**Work task:** Only the lines below from the one that contains "从日志看,hzero-aip" through the one that contains "Diverse collection of" should appear in your answer, exact and without pictures.

Stored data entries
::::::::

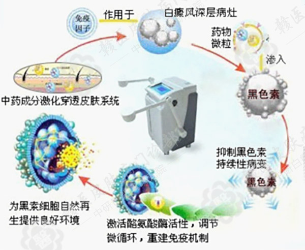 (3)提高白斑部位对光的敏感度,增加光疗的效果。从而达到缩短病程的功效。
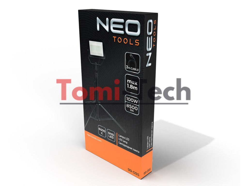 Jednoduché bodové svietidlo NEO, výkon 100 W, 8500 lúmenov, 230 V 50 Hz, SMD LED, prevádzková doba 25 000 h, 6500 K, hliníkové telo, IP65, CRI Ra 80, uhol vyžarovania 110 stupňov, ZAP/VYP 15 000 cyklov, kábel so zástrčkou 3 m, prevádzková teplota -25 °C<>+45 °F, účinník >0,9, doba zahrievania na 60 % <1 s, teleskopický statív max. 1,8Dodatočné parametre
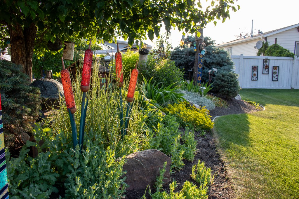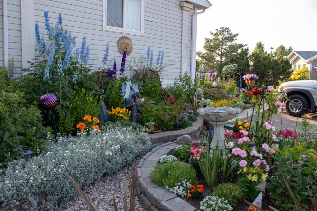 In the heart of Strathcona County, there lies a garden that bursts with color, creativity, and an undeniable touch of magic. Norma, who has resided in her home since 2004, has transformed her yard into a vibrant and whimsical retreat, drawing inspiration from the charming, unpredictable beauty of English gardens. Norma’s journey into gardening began when she moved into her home, and since then, she has nurtured her garden into a stunning display of flora and artistry, entirely self-taught and driven by her own creativity.
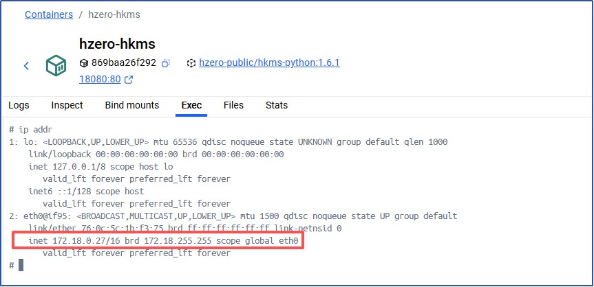 从日志看,hzero-aip-app链接HKMS时,链接被拒绝了。那我们先测试这两个容器之间的连通性:
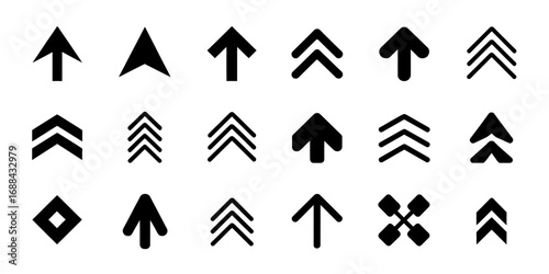 Diverse collection of modern directional arrow icons and symbols for navigation, progress, and upward movement in digital and print design projects
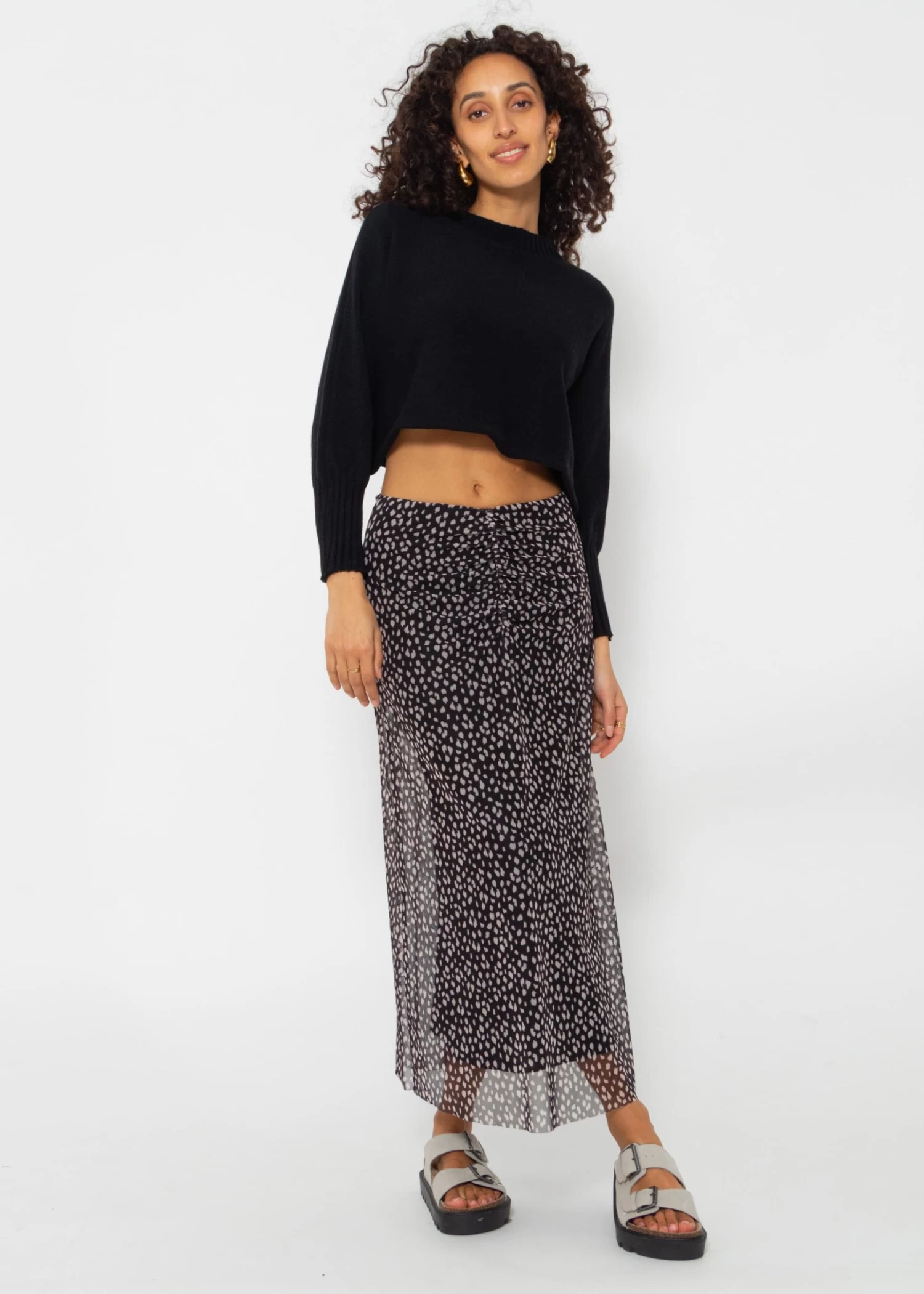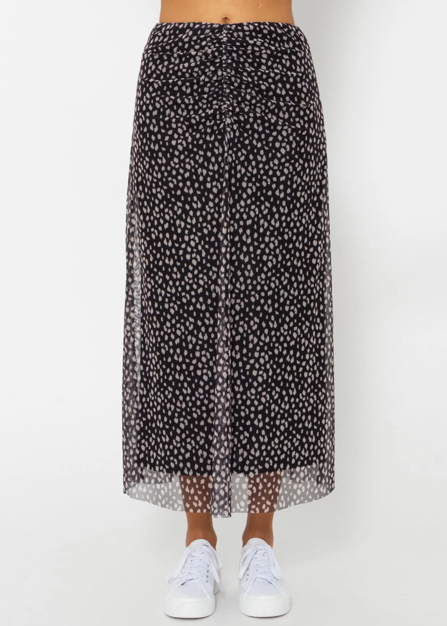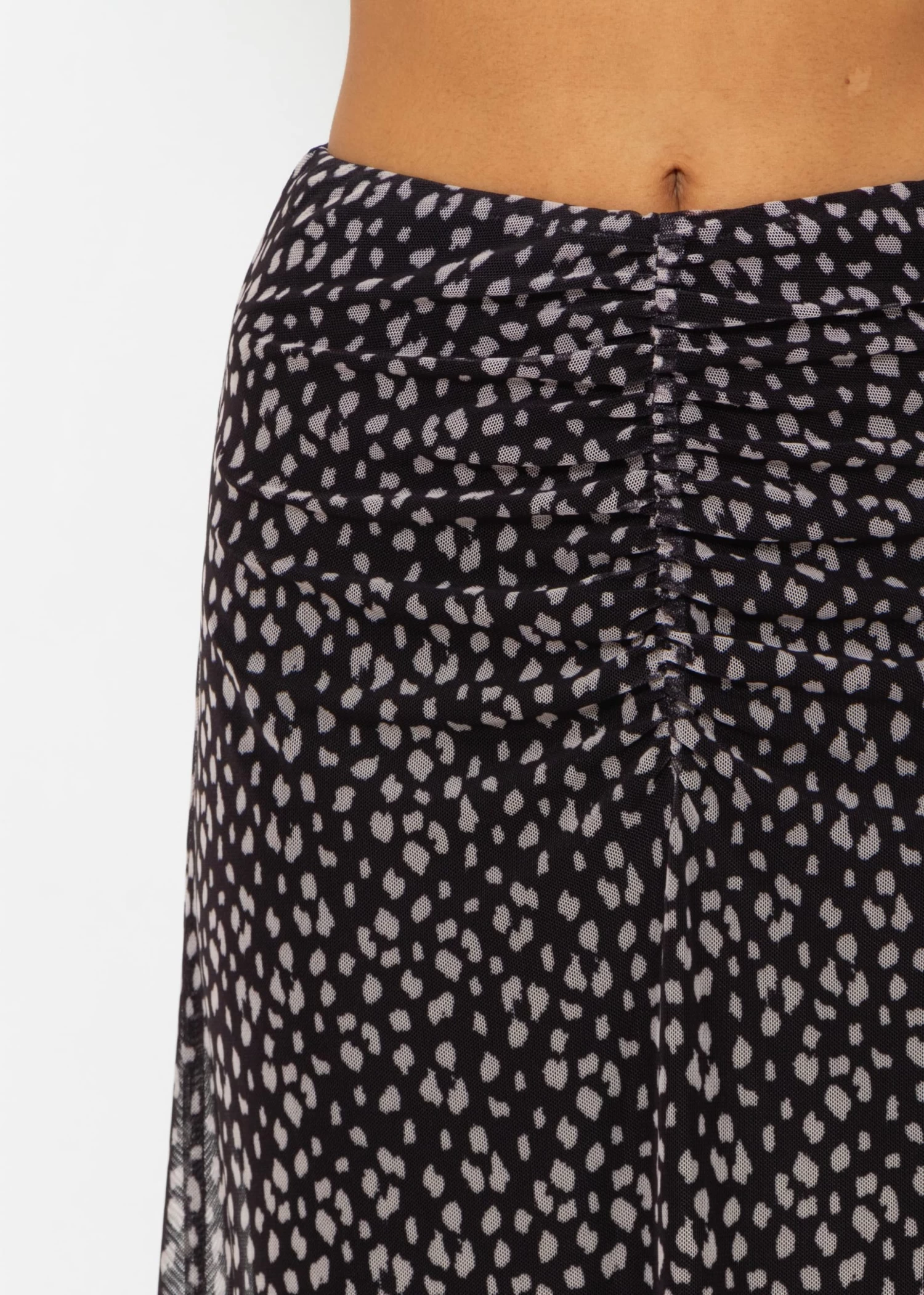 Dieser fließende Midirock ist ein elegantes Kleidungsstück, das sich durch sein charmantes Tupfenmuster auszeichnet. Das Modell besitzt einen hohen, dehnbaren Bund, um eine bequeme und flexible Passform zu gewährleisten. Das Mesh-Material sorgt für Leichtigkeit und einen Hauch von Verspieltheit. Auf der Vorderseite befindet sich eine mittige Drapierung, die dir eine besonders schöne Silhouette zaubert. Dieser Rock kann mit einem einfachen Top für einen Alltagslook oder mit dem dazu passenden Meche Langarmshirt für einen dramatischen Effekt kombiniert werden. Der Rock ist gefüttert.
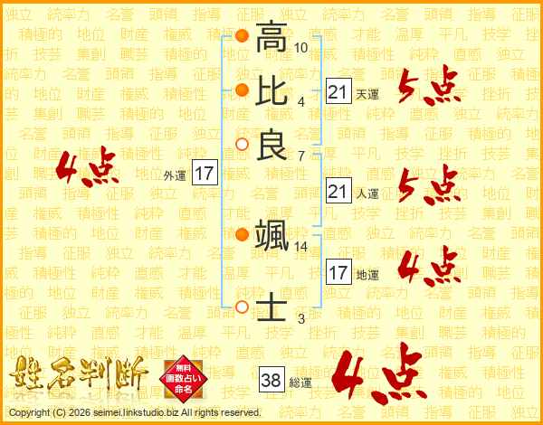 高(10画)比(4画)良(7画) 颯(14画)士(3画)
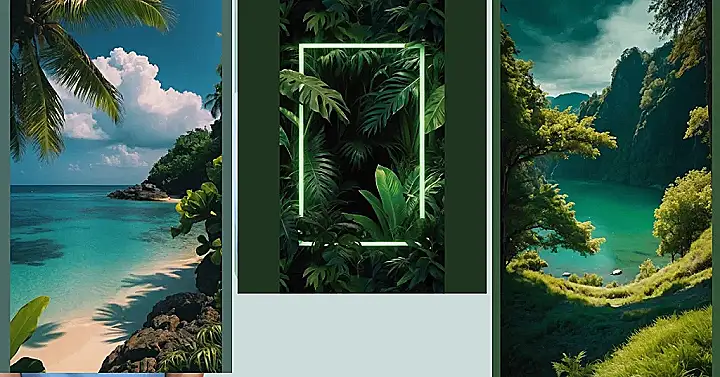 This image is like stepping into a jungle, but with a cool twist! It’s all green and leafy, just like you’d imagine a jungle to be, but there’s this bright, glowing green rectangle in the middle. It’s like someone snuck a neon light into the heart of the jungle, making it look super modern and kinda mysterious. It’s definitely a great wallpaper for anyone who loves nature and wants something a little different.
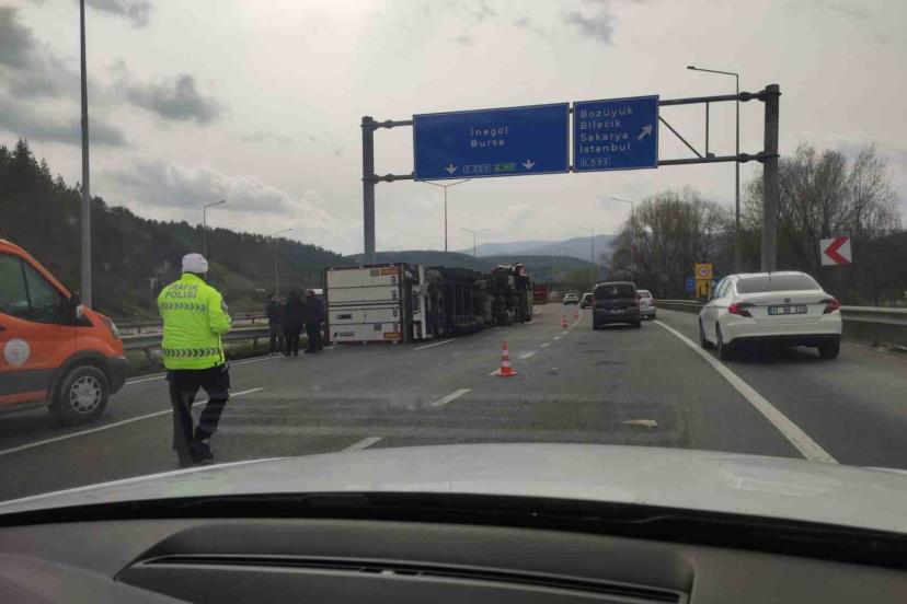 Kaza, Bilecik Bozüyük çevre yolunda meydana geldi. Edinilen bilgilere göre, Bursa İnegöl istikametinde, halinde bulunan tır, sürücüsünün bir anlık direksiyon hakimiyetini kaybetmesi sonucu kontrolden çıkarak devrildi. İhbar üzerine olay yerine polis ekipleri sevk edilirken, bölgede güvenlik önlemleri alındı. Devrilen tır, olay yerine çağrılan üç vinç yardımıyla bulunduğu yerden kaldırıldı. Öte yandan, kaza nedeniyle bölgede trafik bir süre aksarken, çalışmaların tamamlanmasının ardından ulaşım normale döndü.
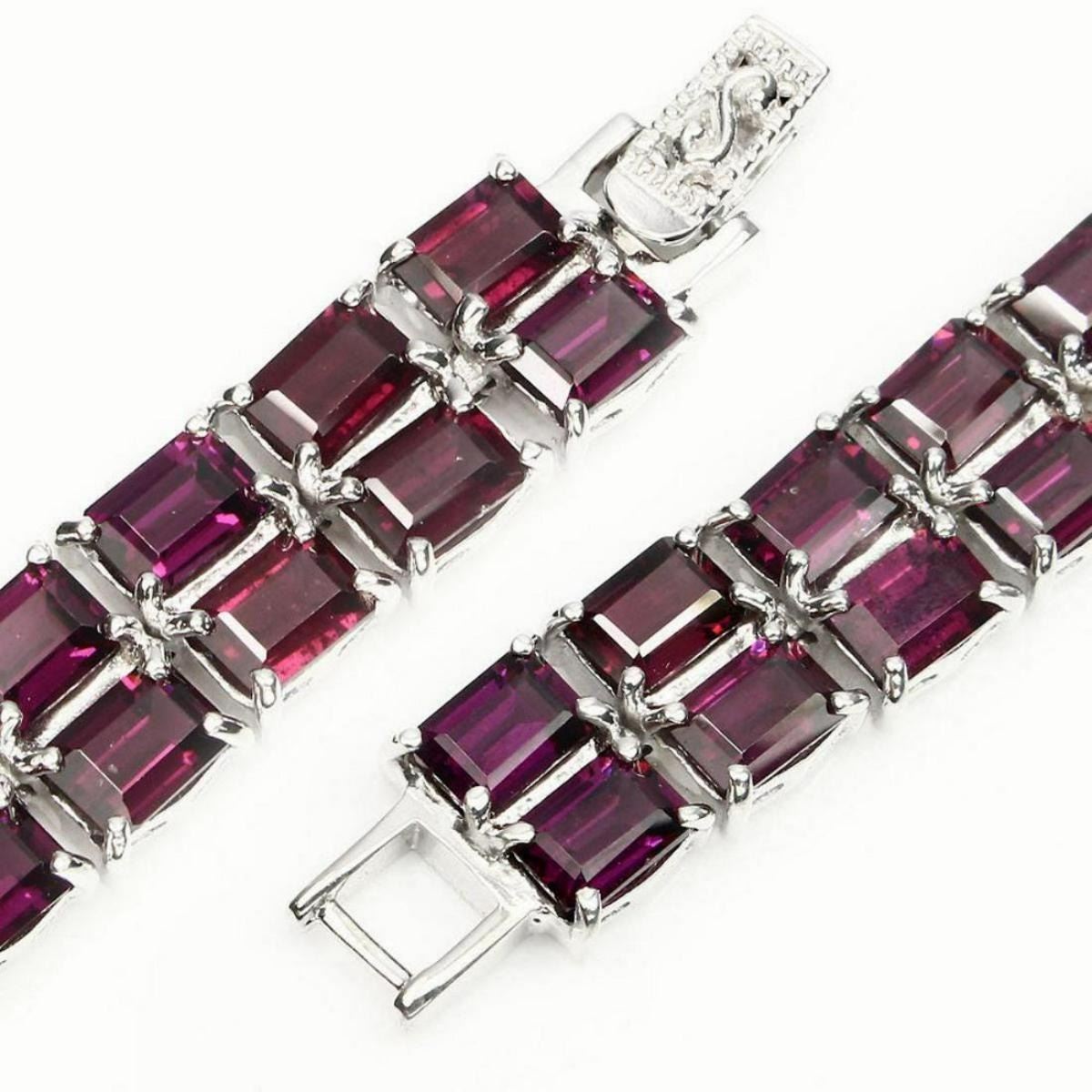 925 STERLING SILVER;PLATE14K WHITE GOLD;LENGTH (INCHES)7.5;MAIN STONERHODOLITE GARNETOTHER GEMSTOTAL WEIGHT167.42 CT (TOTAL WEIGHT OF SILVER + STONE)DIMENSION* STONE 7.0 X 5.0 MM. * FACE BRACELET 180.0 X 12.0 MM.MAIN STONE SHAPEOCTAGON CUTMAIN STONE COLORTOP RICH PINK RASPBERRYCLARITY/GRADEIF TO VVSLUSTERGLORIOUSTREATMENTUNHEATEDORIGINAFRICAHARDNESS7.0 - 7.5
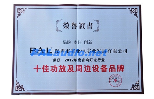 宝业恒旗下 PAL 品牌荣获“功放及周边设备” 十佳品牌;
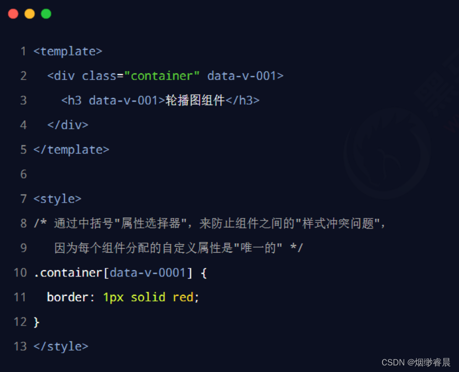 为每个组件分配唯一的自定义属性,在编写组件样式时,通过属性选择器来控制样式的作用域,示例代码如下:
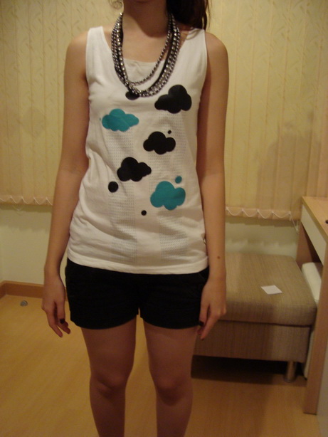 1. เสื้อกล้ามสีขาว ลายก้อนเมฆ ซื้อจากสยามตลอนกลางคืน ใส่ครั้งเดียว >> 100
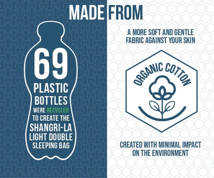 - Organic Polycotton Shell- Created using a mixture of recycled polyester and organic cotton to create a high quality, sustainable polycotton fabric. This shell fabric offers increased comfort, softness and a luxury home from home sleeping experience.

::::::::

**Your solution:**
 从日志看,hzero-aip-app链接HKMS时,链接被拒绝了。那我们先测试这两个容器之间的连通性:
 Diverse collection of modern directional arrow icons and symbols for navigation, progress, and upward movement in digital and print design projects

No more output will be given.